--- PROVIDED MATERIAL ---
»»

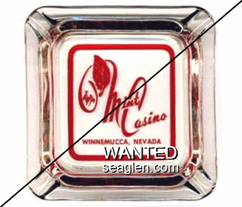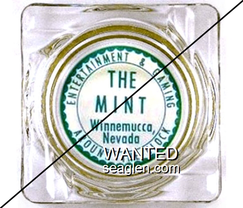 MIW-A1 Mint, Winnemucca 4 1/2" Clear Glass Ashtray "Entertainment & Gaming Around The Clock, The Mint, Winnemucca, Nevada" - Green on white |
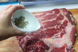 细海盐,和捣成泥的蒜均匀的涂抹在肋排上,再撒上一层现磨的黑胡椒
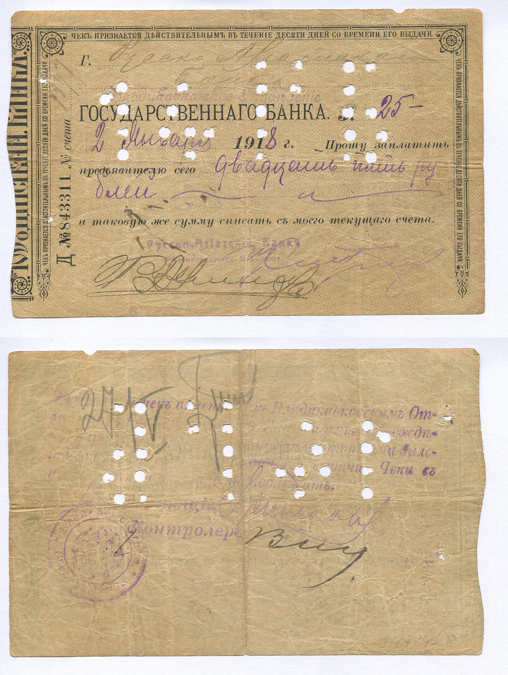Владикавказ. Отделение Гос. Банка. 25 руб. Д №843311
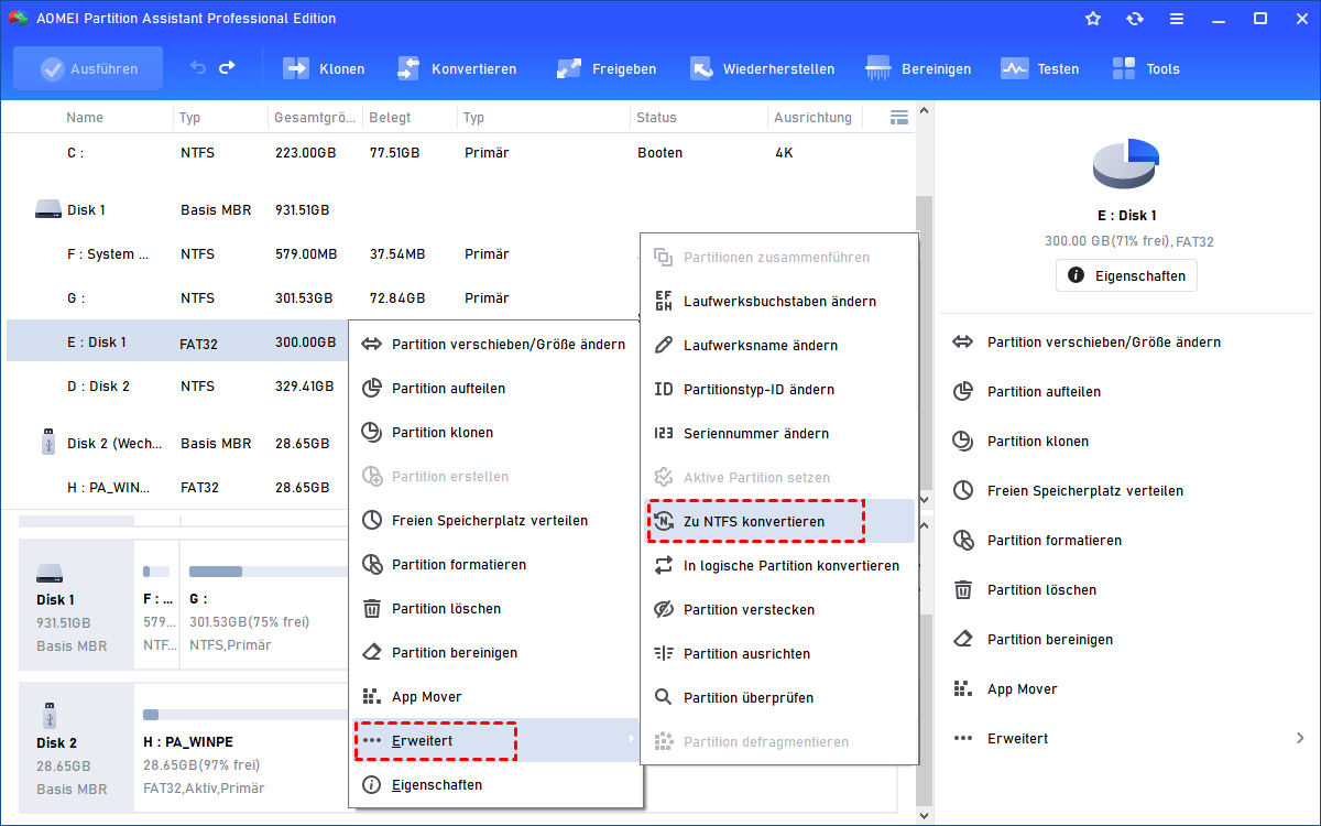 Schritt 1. Starten Sie diesen Partition Manager, dann sehen Sie seine Hauptseite. Klicken Sie auf die FAT32-Partition und wählen Sie Erweitert und Zu NTFS konvertieren.

««

--- PROBLEM TO WORK ON ---
Every line above should be returned word for word, with the pictures left behind.

--- TASK ANSWER ---
 MIW-A1 Mint, Winnemucca 4 1/2" Clear Glass Ashtray "Entertainment & Gaming Around The Clock, The Mint, Winnemucca, Nevada" - Green on white |
 细海盐,和捣成泥的蒜均匀的涂抹在肋排上,再撒上一层现磨的黑胡椒
Владикавказ. Отделение Гос. Банка. 25 руб. Д №843311
 Schritt 1. Starten Sie diesen Partition Manager, dann sehen Sie seine Hauptseite. Klicken Sie auf die FAT32-Partition und wählen Sie Erweitert und Zu NTFS konvertieren.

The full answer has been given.